Brumfield was convicted on a charge of aggravated manslaughter of a child in May.
She had initially faced a murder charge for the death of 1-year-old Olivia Madison Garcia, during an overnight stay at her Ocoee home in October 2008. But Brumfield was found not-guilty of first-degree murder and aggravated child-abuse.
Brumfield had said she frequently cared for Olivia, her friend Heather Murphy's daughter, at her home and has maintained the girl was trying to climb out of a playpen and fell a short distance, hitting her head. The defense suggested the fall may have aggravated a previous injury.
The prosecution argued it was impossible that a fall from that height caused a 3 1/2-inch fracture on the back of the girl's skull and the bleeding and swelling found in her brain.
Brumfield, shackled at the waist and wearing a dark blue jail jumpsuit, sat at the defense table with her lawyers as she awaited her fate Thursday.

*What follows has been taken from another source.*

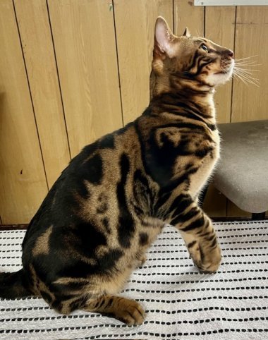 Aslan a été notre premier mâle reproducteur et nous a permis d'acceuillir nos premiers chatons Bengal. D'un caractère sociable et aimant, il était particulièrement à l'aise lors des expositions félines auxquelles il a participées.
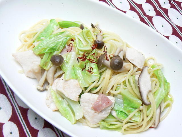 キャベツの甘みを堪能♪チキンとキャベツ、きのこのパスタ

Emotions ran high as loved ones of both women, once the closest of friends, sat in Courtroom 10D of the Orange County Courthouse.
Murphy delivered an emotionally wrenching statement on the loss of her child, whom she called Liv.
"I can't believe you're gone," she said. "All I want to do is take you trick-or-treating, and to dress you up as Tinkerbell … Mommy is so incomplete without you."
The toddler with the wild hair and toothy smile loved mandarin oranges, her mom said, and enjoyed playing with doorstops so much that she broke all of them in the family's home
Olivia's older sister Isabella is still struggling with the loss as well, she said. The girl still asks when her sister is coming home, Murphy said, and on her birthday, "she wanted to tie an ice cream cone to a balloon so Liv would have something to snack on in heaven."
Sept. 30 would have been Olivia's 4th birthday, Murphy said, and the sentencing fell three years to the day after the little girl's funeral.
When the judge asked Brumfield if she had anything to say, she managed a single sentence before breaking down. "I miss Olivia just as much as anybody does," she said.
Brumfield's family and friends, many of whom wore white shirts in the courtroom in a show of support, were visibly angered and distraught by the sentence.
Brumfield has two children of her own as well as a stepchild. Olivia was a frequent presence in her home, and treated as part of the family, the defense said.
The defense presented testimony from Brumfield's pastor and a close friend, both of whom praised her as a caring mother who opened her home to friends in need and would never deliberately harm a child.
Christina Stewart, who described herself as Brumfield's best friend, read a letter from Brumfield to the court. "Olivia brought joy to our family from the moment she was born," she wrote. "Olivia always was, is and will be my little girl."
The defense had hoped that Judge Reginald Whitehead would hand down a more lenient sentence. He acknowledged the sadness of the situation for all involved before issuing the sentence.
Whitehead credited Brumfield for 165 days served, and also ordered payment of investigative and prosecution costs totaling about $10,000.
Outside the courthouse, Murphy said the sentence was "more than I expected … I feel justice has been served."
However, she said, no sentence, however severe or lenient, will help ease the pain of the loss of her daughter.